Only the lines below between the one holding "Snoopy, Μεταλλικό παγούρι" and the one holding "粉體填料對(duì)水性阻尼涂料阻尼性能的影響", inclusive, are to be reproduced word for word; the pictures are to be left out.

The input:

-.-.-

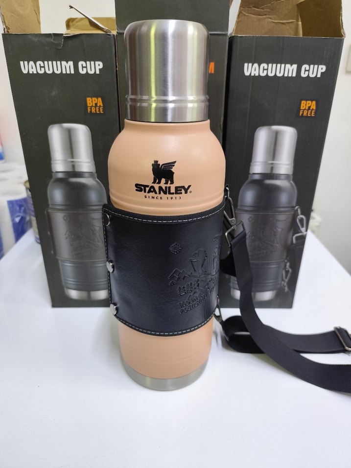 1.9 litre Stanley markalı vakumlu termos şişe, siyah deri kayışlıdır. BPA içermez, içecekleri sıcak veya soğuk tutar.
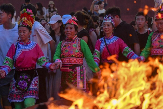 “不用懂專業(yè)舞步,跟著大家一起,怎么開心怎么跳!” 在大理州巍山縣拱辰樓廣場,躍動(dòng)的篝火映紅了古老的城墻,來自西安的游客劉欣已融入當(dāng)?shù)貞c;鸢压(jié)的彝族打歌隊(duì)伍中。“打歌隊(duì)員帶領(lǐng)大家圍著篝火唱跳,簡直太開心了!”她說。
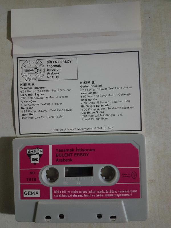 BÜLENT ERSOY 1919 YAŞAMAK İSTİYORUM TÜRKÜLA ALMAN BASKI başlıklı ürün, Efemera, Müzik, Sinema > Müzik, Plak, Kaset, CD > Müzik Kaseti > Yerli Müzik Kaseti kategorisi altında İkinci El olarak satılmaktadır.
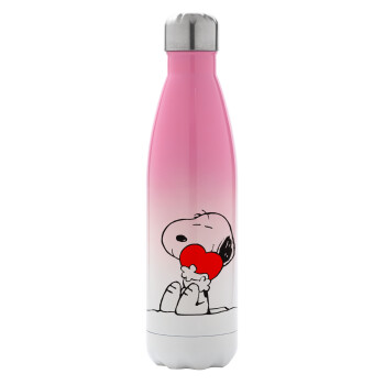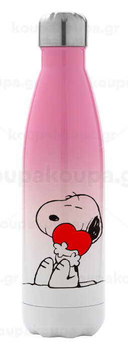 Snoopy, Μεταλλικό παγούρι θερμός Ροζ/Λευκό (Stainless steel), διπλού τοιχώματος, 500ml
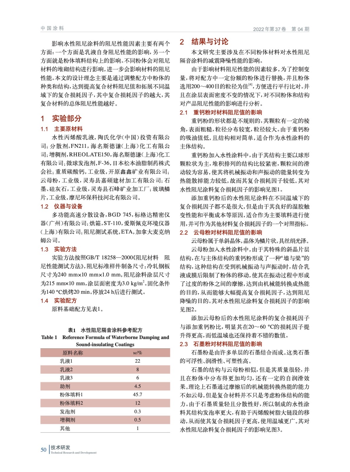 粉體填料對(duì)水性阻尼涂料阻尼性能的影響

-.-.-

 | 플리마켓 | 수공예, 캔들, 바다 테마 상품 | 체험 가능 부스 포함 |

-.-.-

Response area:
 Snoopy, Μεταλλικό παγούρι θερμός Ροζ/Λευκό (Stainless steel), διπλού τοιχώματος, 500ml
 粉體填料對(duì)水性阻尼涂料阻尼性能的影響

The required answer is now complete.